After a period as Lecturer in Chemistry and Metallurgy at Manchester, where he was Elected to membership of the Manchester Literary and Philosophical Society on 2 May 1905 whilst studying hydrocarbon combustion. Bone was appointed Livesey Professor of Coal Gas and Fuel Industries at the University of Leeds in 1906. There he set up a new Department of Fuel Technology and continued to study the mechanics of fuel combustion. In 1912 he made his last move, this time to the Department of Chemical Technology at Imperial College, London, again concentrating on the investigation of combustion. During World War I (1914–18) he carried out research on fuel problems associated with the war and trained chemists for duties in munition factories. He retired in 1936.

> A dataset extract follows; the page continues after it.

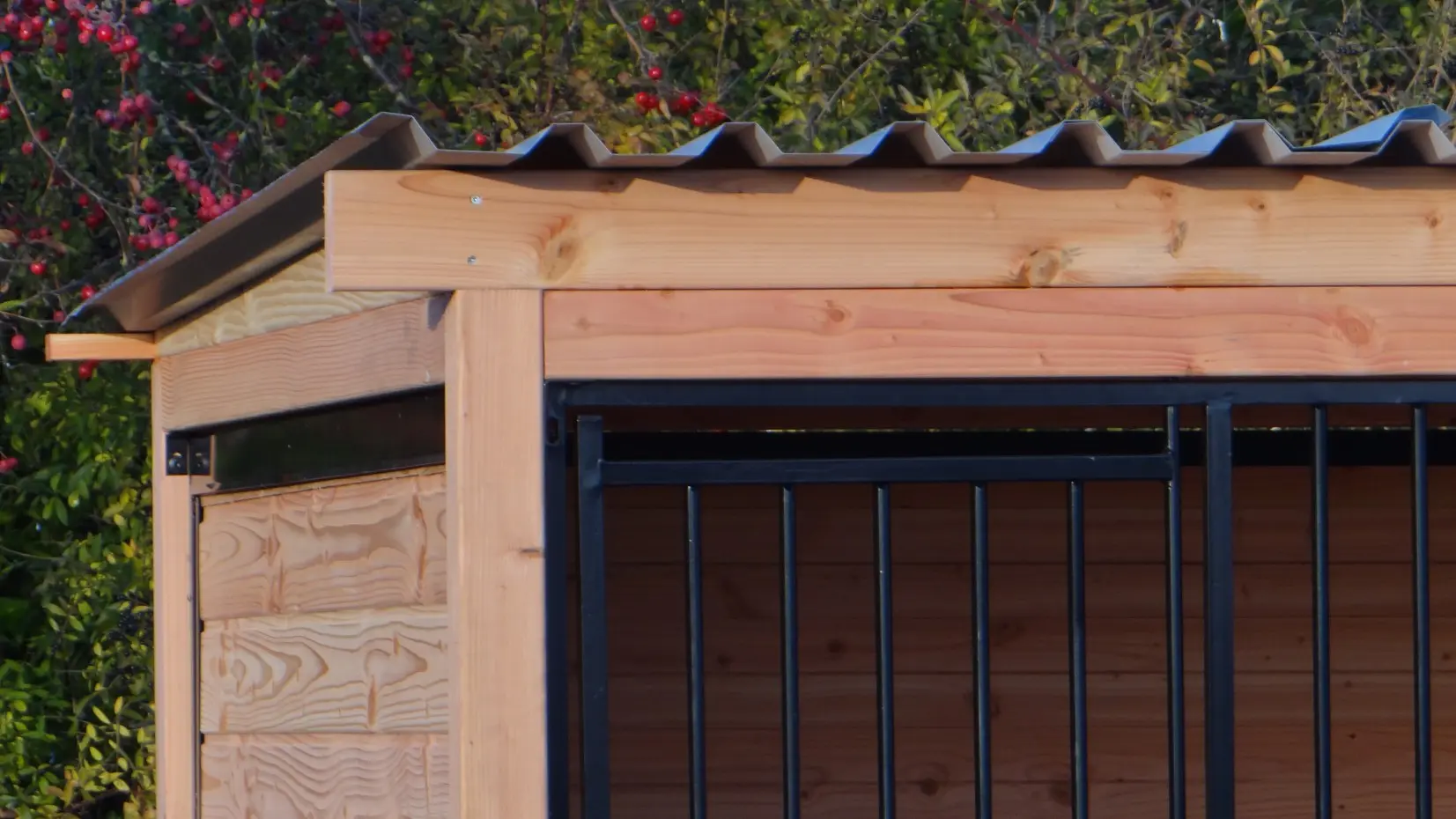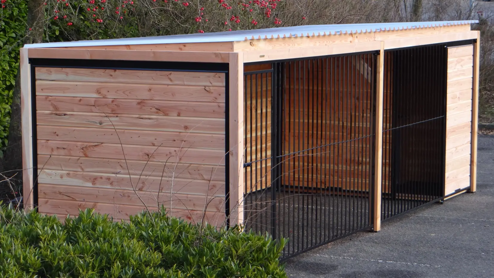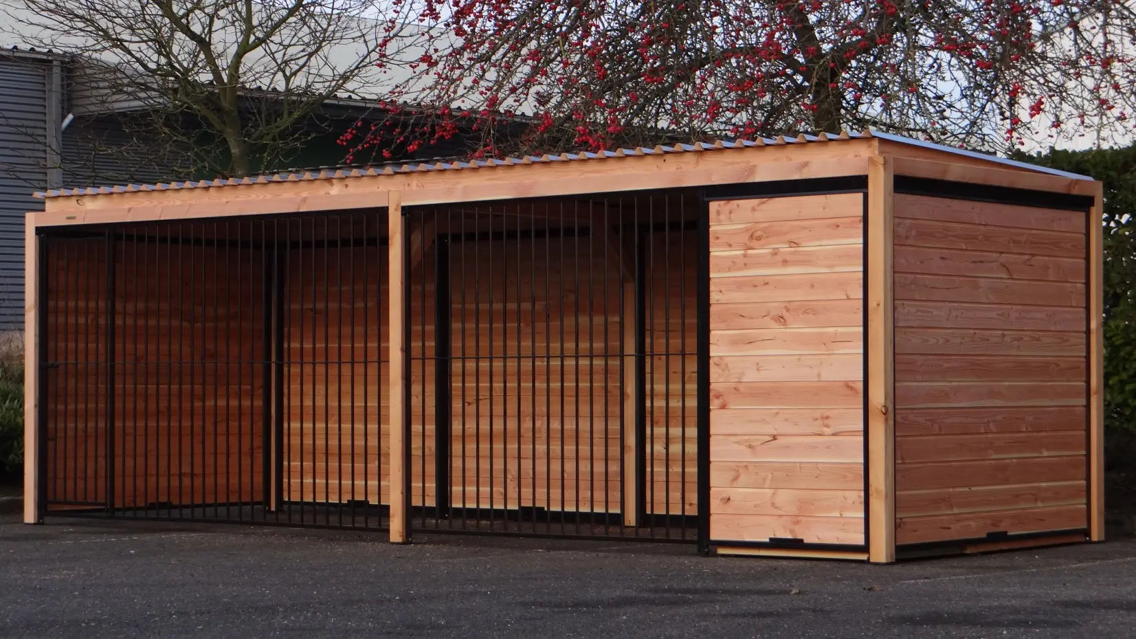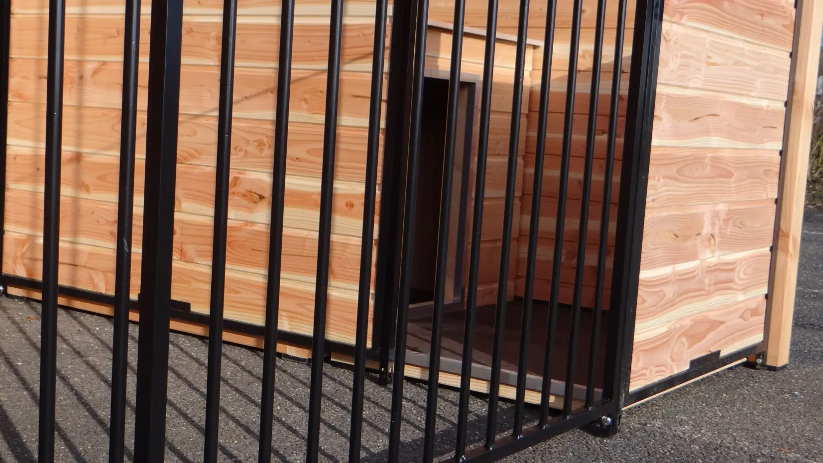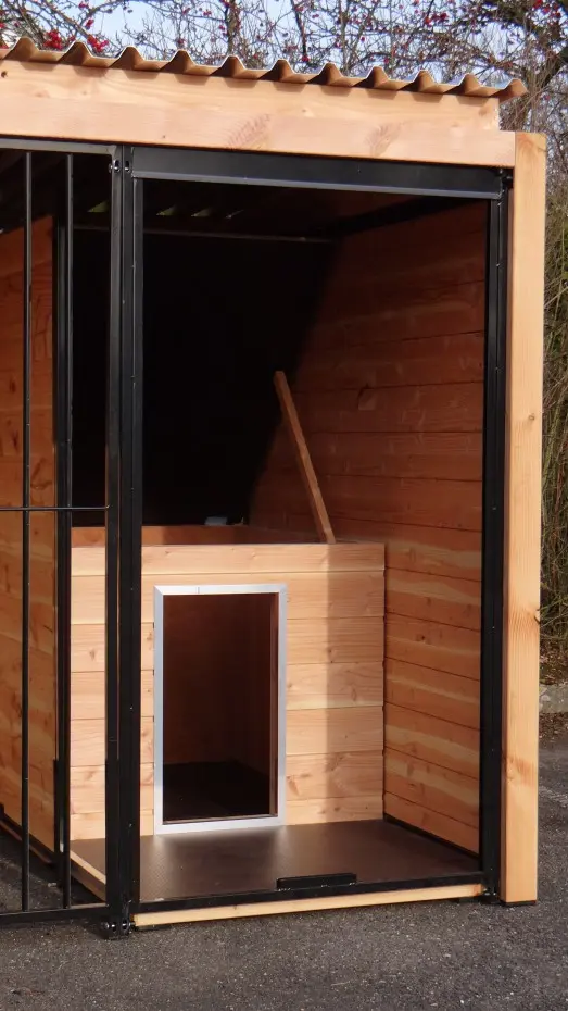 Les élégantes parois en bois de Douglas et les panneaux à barreaux noirs avec cadre en bois de Douglas forment ensemble un chenil magnifique. Le chenil est équipé de plaques de toiture en acier, garantissant une protection maximale contre les intempéries tout autour. Toutes les parois pleines sont constituées de cadres en acier remplis de bois de Douglas.

He was elected a Fellow of the Royal Society in 1905. He delivered their Bakerian Lecture in 1932 (on hydrocarbon combustion) and was awarded their Davy Medal in 1936 "For his pioneer work on contact catalysis and his researches on the mechanism of combustion of hydrocarbons and on the nature of flames and on gaseous explosions".

He was awarded the Franklin Institute's Howard N. Potts Medal in 1912 and the Liversidge award of the Royal Society of Chemistry in 1930.

In 1957, 19 years after his death, Institute of Fuel (now the Energy Institute) created the Bone-Wheeler medal, jointly honouring Bone and Richard Vernon Wheeler. The medal was awarded annually to the most promising chemical engineer under the age of 30.

== Publications ==

He published several books; Coal and its Scientific Uses in 1918, Flame and Combustion with D.T.A.Townend in 1927 and Coal and its Constitution and Uses with G.W.Himus in 1936.